Fiction dealing with death puts itself in a very tricky position. If the deaths are too generic or clichéd, and/or if the characters involved are too minor, the audience feels nothing. However, if the characters who die are too big, you run the very serious risk of souring the whole story. Striking the balance between minor-enough-to-let-go and major-enough-to-get-the-audience’s sympathy is no small feat, and I applaud the moviemakers in achieving this balance with Doug.(Surprise is also a key factor. I was saddened at the deaths of Simon, Xola and Phillipe, but the impact was significantly lessened by the fact that I was expecting them to die anyway.)The Interpreter’s climax perfectly illustrates the movie’s storytelling strength. The audience knows intellectually that Silvia is not going to shoot Zuwanie; that would make the preceding two hours a waste of time. And yet the tension is palpable not just on the screen but in the audience: “she’s not going to do it … is she?” We know for sure on one level that she isn’t going to kill him, and on another we are still afraid that she might. (I actually feel like they drew out the scene just a little too far, but what the heck, I’ll forgive them.)The climax also presents an interesting inversion of my father’s axiom of American movies. The plot of just about any given American movie, he says, is to give sufficient reason to justify the hero killing off the villain in the end. While this indeed what the main plot of The Interpreter is all about, the character arcs are about giving the protagonist reason not to murder the villain.

One of the big reliefs about this movie is that Silvia doesn’t get away with it simply because a) she didn’t actually cause any real harm, and more importantly b) she’s the main character. I mean, yes, I believe she’s learned her lesson and would be better off staying at the UN, but the United States and United Nations criminal justice systems aren’t nearly so enlightened. If they had let Silvia stay, it wouldn’t be because it’s the right thing to do, it would be because the filmmakers were making other characters give the main character preferentially treatment just for being the main character. It happens all the time in fiction, and it’s utterly reprehensible.

The other big relief was the total absence of a romance developing between Silvia and Tobin. I’m a sap for romance, personally, but American literature and cinema has a nasty condition of shoving romantic subplots into their stories regardless of said subplot’s appropriateness. I found the relationship which developed between Silvia and Tobin all the more beautiful and complex and meaningful precisely because it was almost entirely nonromantic.

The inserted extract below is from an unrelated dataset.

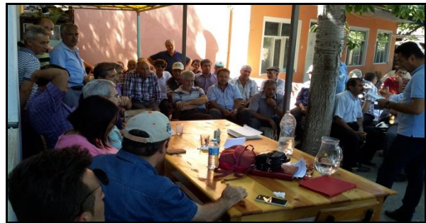
Şekil 4. Akpınar Köyü değerlendirme toplantısı.

Tablo 1'de çalışma sahasındaki köylerde yapılan değerlendirme toplantısı ve katılımcı sayısı yer almaktadır. Bu çalışma kapsamında Karanfilli havzasında yaşayan toplam nüfusun %6,06'sı ile görüşülmüştür. Böylelikle, temsil noktasında benzer çalışmalarda toplam nüfus/katılımcı oranının çok üzerinde bir orana ulaşılmıştır (Castro vd., 2016, Rodriguez-Caballero vd., 2017, Quintas-Soriano vd., 2018). Çalışmada yüz yüze görüşme yöntemi uygulandığından anket yapılmamıştır.

Bottom Line: The violence in this movie means it’s not for everyone (think a little more explicit than Lord of the Rings and a little less gratuitous). On the other hand, it’s refreshing for an American movie to speak out against the common assumption that the best way to solve the problem of violent people with more violence. Plus, it’s a genuinely exciting, entertaining, and engaging movie. Go for it.

Update: After writing the above review, I began rethinking the politics of The Interpreter—the villain is an African dictator, while the heroes are mostly white Westerners who eventually bring the dictator to trial and presumably save the oppressed Africans of Matobo from their home-grown dictator. Smells a bit … neocolonial to me.